Исключительно желающим почитать о том, как действует современная западная пропаганда, исподволь вербуя в свои ряды, известных деятелей искусства и литературы. Ссылка на книгу для прочтения в онлайн и на скачивание прилагается ниже.
http://padaread.com/?book=55560&pg=1
Лучший способ вести пропаганду —
это никогда не выглядеть ведущим пропаганду
Ричард Кроссман (Richard Crossman)
В разгар холодной войны правительство США вложило громадные
средства в секретную программу культурной пропаганды в Западной Европе.
Центральным аспектом программы было распространение утверждения о том,
что ее не существует. Руководство пропагандой осуществлялось в обстановке
строжайшей секретности Центральным разведывательным управлением.
Средоточием этой тайной кампании являлся Конгресс за свободу культуры,
который с 1950 по 1967 год возглавлял агент ЦРУ Майкл Джоссельсон (Michael
Josselson). Его достижения, несмотря на непродолжительное время
существования, были весьма значительны. На пике своей активности Конгресс за
свободу культуры имел отделения в 35 странах, его персонал насчитывал десятки
работников, он издавал более 20 престижных журналов, владел новостными
и телевизионными службами, организовывал престижные международные
конференции, выступления музыкантов и выставки художников, награждал
их призами.
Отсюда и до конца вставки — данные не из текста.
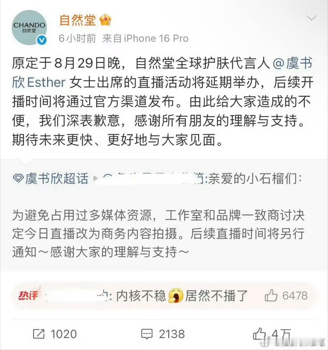 高位热搜,连续掉粉,直播活动取消,品牌物料不发,海外行程没去,新剧开机推迟,明显影响到本人工作了,就这样还不回应[流汗]虞书欣虞书欣沉默应对风波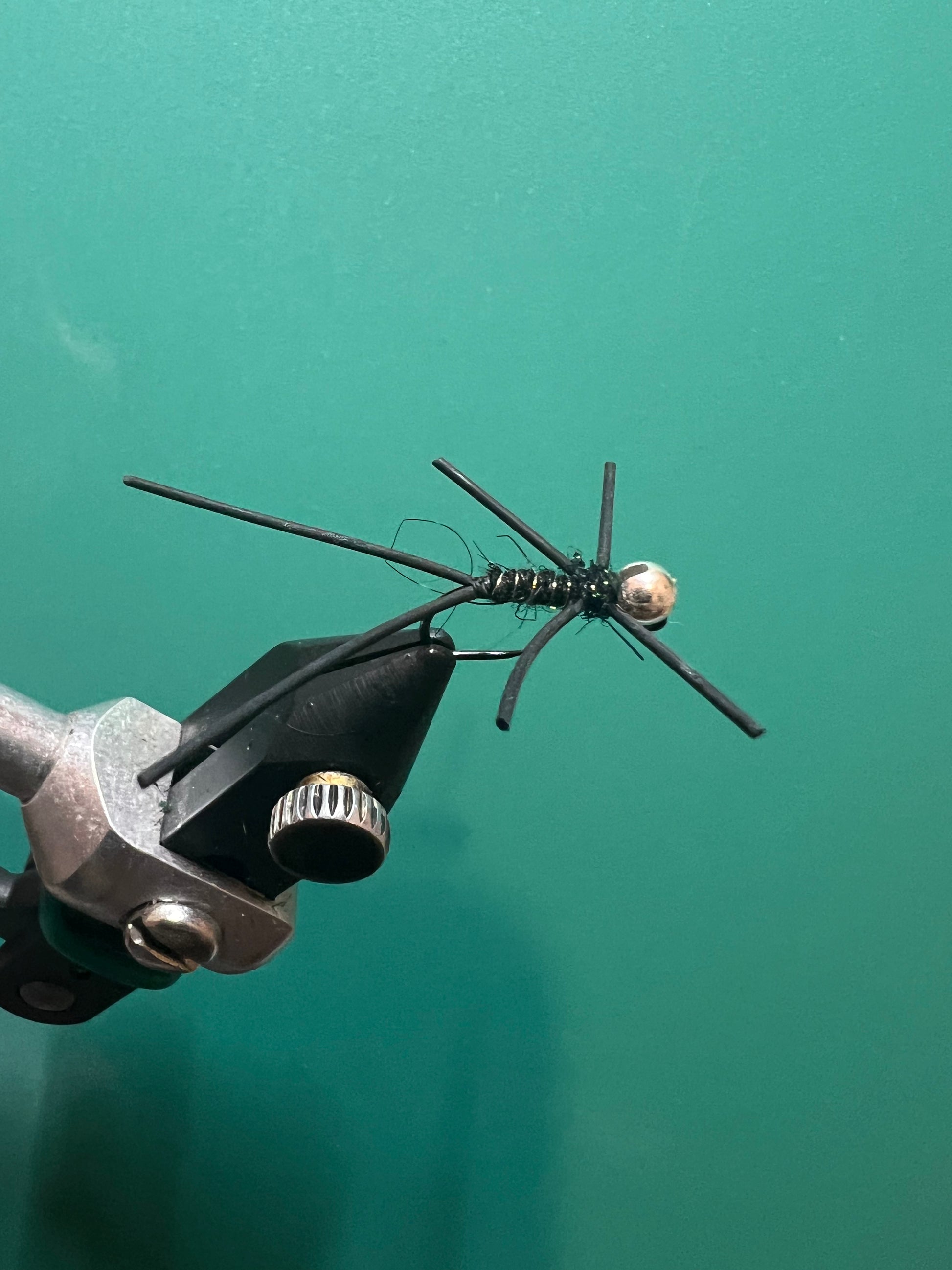Small Rubber Legged Stonefly tied on a Jig Hook with Tungsten Bead.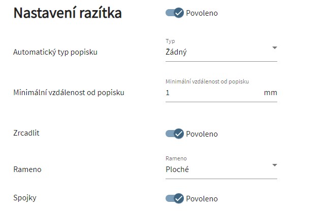 4. Dále jděte na Nastavení razítka. Zde vyberte možnosti pro razítka dle obrázku níže. Pro Rameno (úkos) máte tři známe možnosti (flat/plochý, medium/střední, steep/strmý). Aktivaci spojek zvolte dle vašich požadavků.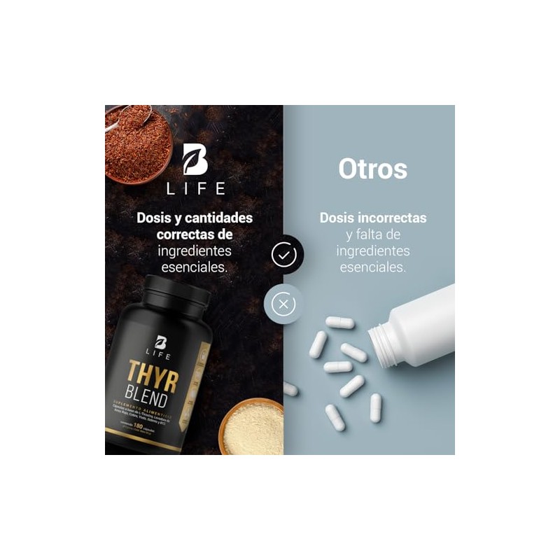 🌟 ⭐ Thyr Blend 180 Cápsulas. Ingredientes naturales: L-Tirosina, Cobre, Selenio, Yodo, Levadura de Arroz Rojo y B12. Thyro Blend B Life. ⭐ 🌟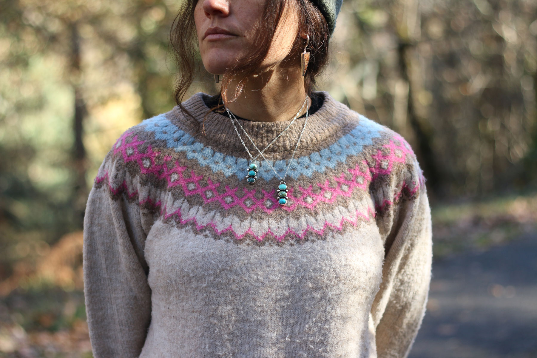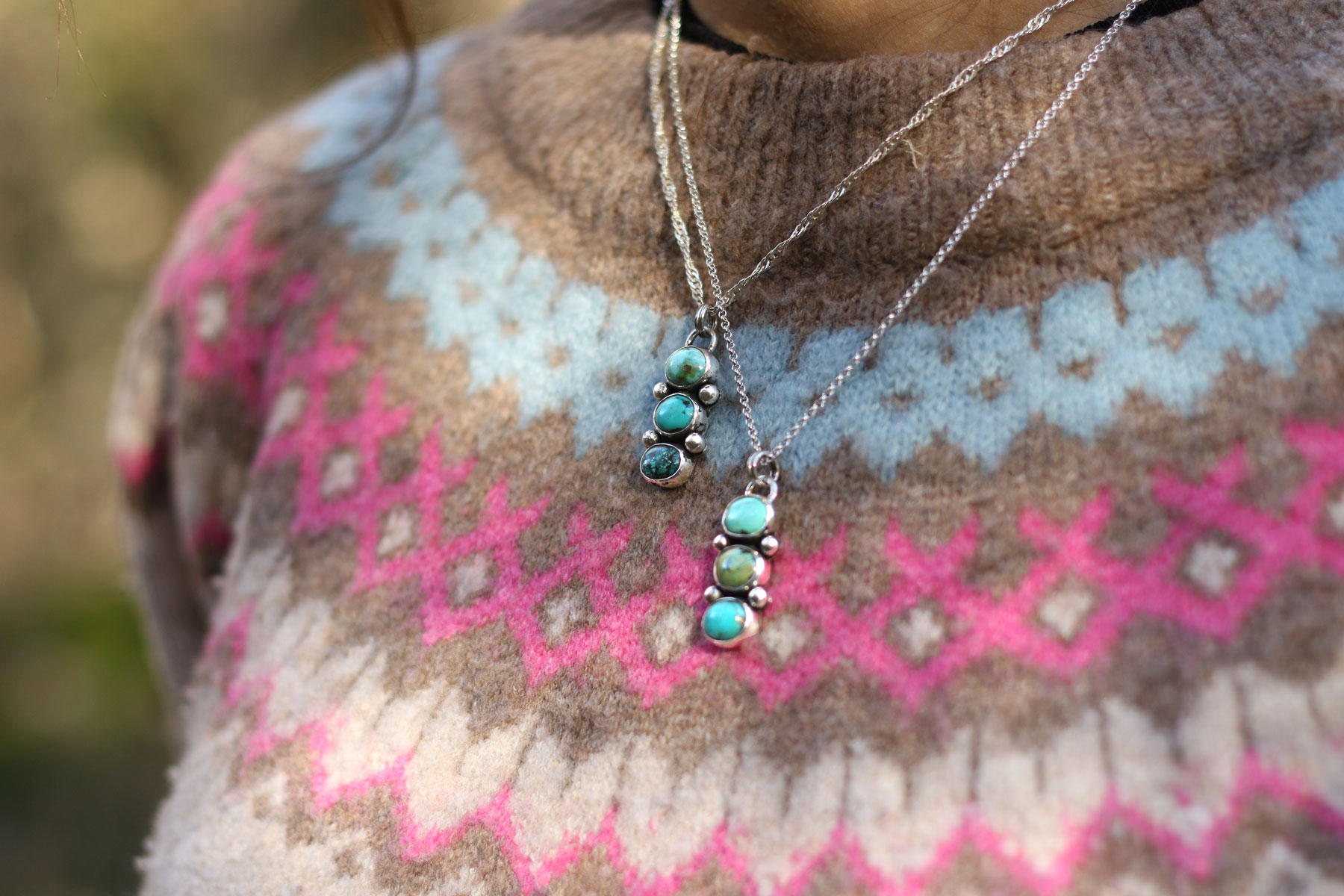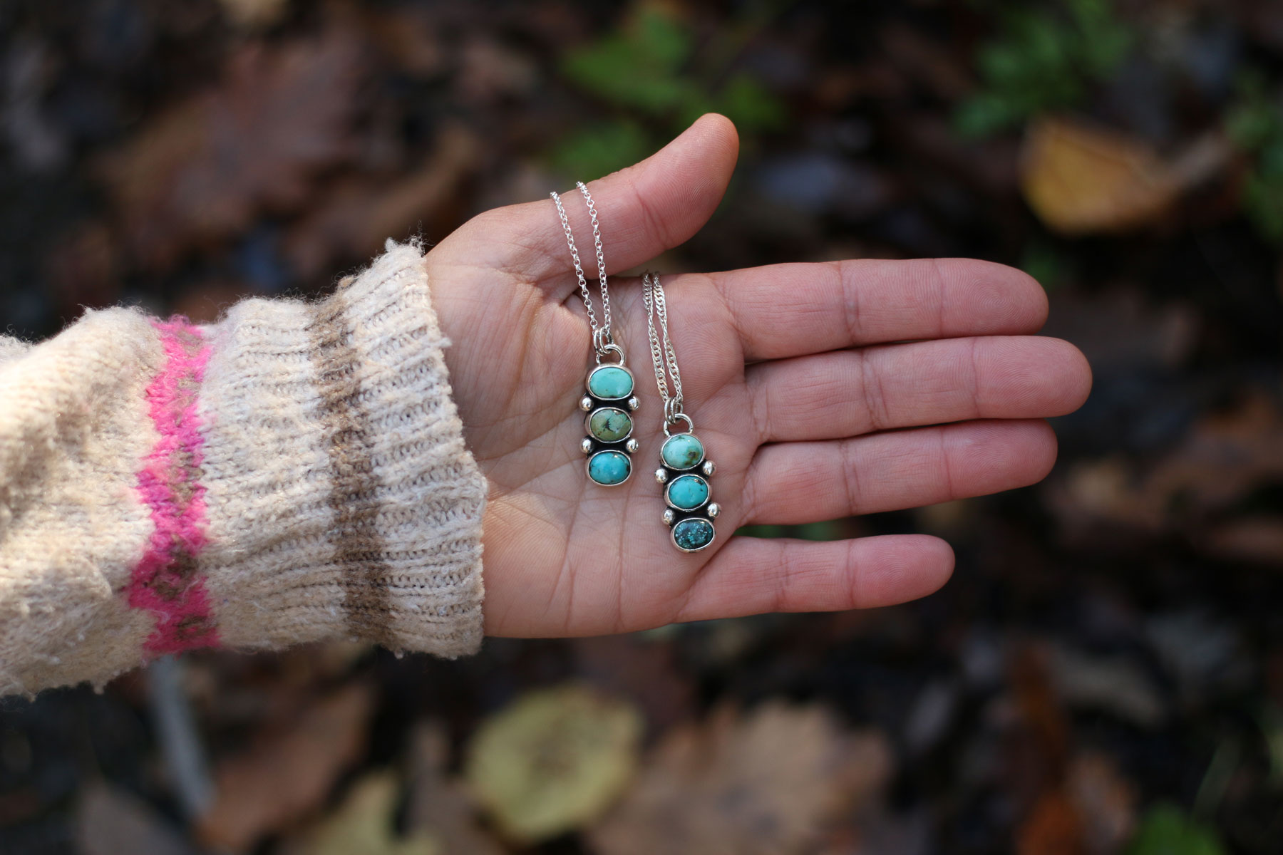 Tres turquesas azul verdosas se reparten sobre la plata, como pequeñas luces entre las ramas. Cada una tiene su propio tono y dibujo, y juntas crean un equilibrio natural, fresco, como un paseo por el bosque después de la lluvia.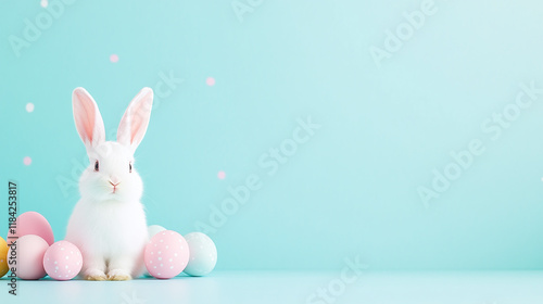 Obraz premium easter bunny with easter eggs - blue studio background.
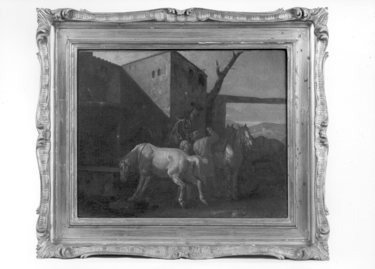 La scena è ambientata all'aperto; si vedono dei palazzi dall'aspetto austero illuminati dal sole. In primo piano, alcuni uomini, uno dei quali ancora in sella, accudiscono dei cavalli e li fanno abbeverare. Cornice in legno intagliato e dorato con profilo mosso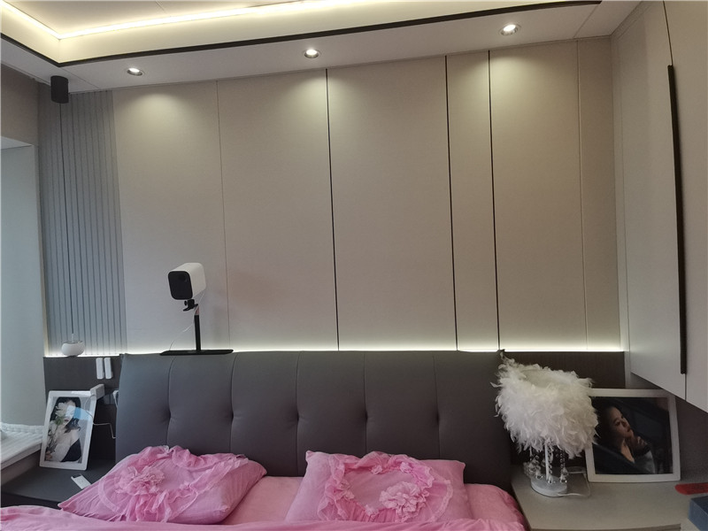 電視背景墻設(shè)計(jì)雖中規(guī)中矩,但和定制柜做配套以后卻瞬間變得立體起來,pet仿大理石紋材質(zhì)耐磨易清潔,即使家里有愛涂寫的好奇寶寶,也完全不用擔(dān)心。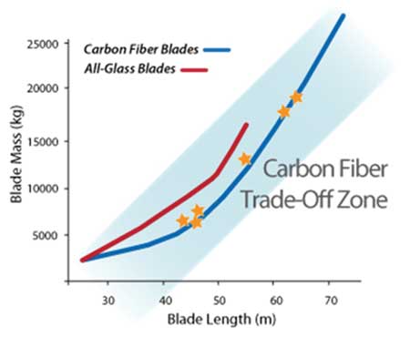 Clearly a new generation of technology will be required to push turbines to a higher level, and hybrid material combinations are poised to take a prime role. As ZOLTEK has noted in its analyses of the carbon versus glass trade-off, there are points at which carbon blade mass can be reduced in comparison with glass blades, particularly as blade length extends well beyond the 50 metre threshold.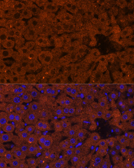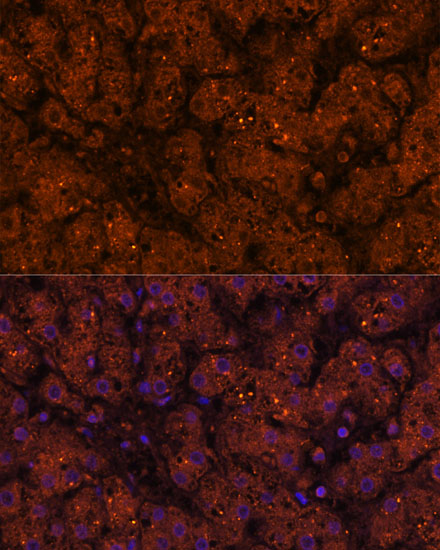 Immunofluorescence analysis of human liver using HMGCS2 Polyclonal Antibody. |

Его задачей было отвлечь интеллигенцию Западной Европы от
затянувшегося увлечения марксизмом и коммунизмом и привести ее к
воззрениям, более подходящим для принятия «американского образа жизни».
Привлекая обширное и очень влиятельное сообщество интеллектуалов,
политических стратегов, корпоративной элиты, а также старые
университетские связи «Лиги плюща» (Ivy League; общее название для самых старых и
престижных университетов США. — Прим. ред.), это начинание ЦРУ
стартовало в 1947 году с создания консорциума, чья двойная задача состояла в том,
чтобы привить мир от коммунистической заразы и облегчить продвижение
интересов американской внешней политики за рубежом. Результатом стало
создание сплоченного сообщества людей, работавших рука об руку с ЦРУ для
распространения одной идеи: мир нуждается в Pax Americana (американский
мир, мир по американскому образцу. — Прим. ред.), новой эпохе Просвещения,
которая могла бы называться «американским веком».
5
Созданный ЦРУ консорциум, состоявший из тех, кого Генри
Киссинджер (Henry Kissinger) характеризовал как «аристократию, посвятившую
себя служению нации на основе принципа беспристрастности», являлся
скрытным оружием Америки в холодной войне, применение которого имело
обширные последствия. Нравилось им это или нет, знали они об этом или
нет — в послевоенной Европе оставалось совсем немного писателей, поэтов,
художников, историков, ученых и критиков, чьи имена не были бы связаны с
этим тайным предприятием. Никем не оспариваемая, так и не обнаруженная
в течение более чем 20 лет, американская разведка управляла изощренным,
надежно обеспеченным культурным фронтом на Западе, рады Запада, под
предлогом свободы выражения. Определяя холодную войну как «битву
за человеческие умы», она запаслась обширным арсеналом культурного
оружия: журналами, книгами, конференциями, семинарами, выставками,
концертами, премиями.
Среди членов консорциума была смешанная группа бывших радикалов и
левых интеллектуалов, чья вера в марксизм и коммунизм оказалась подорвана
свидетельствами о сталинском тоталитаризме. Берущее начало в «розовом
десятилетии» 1930-х годов, оплаканном Артуром Кёстлером (Arthur Koestler)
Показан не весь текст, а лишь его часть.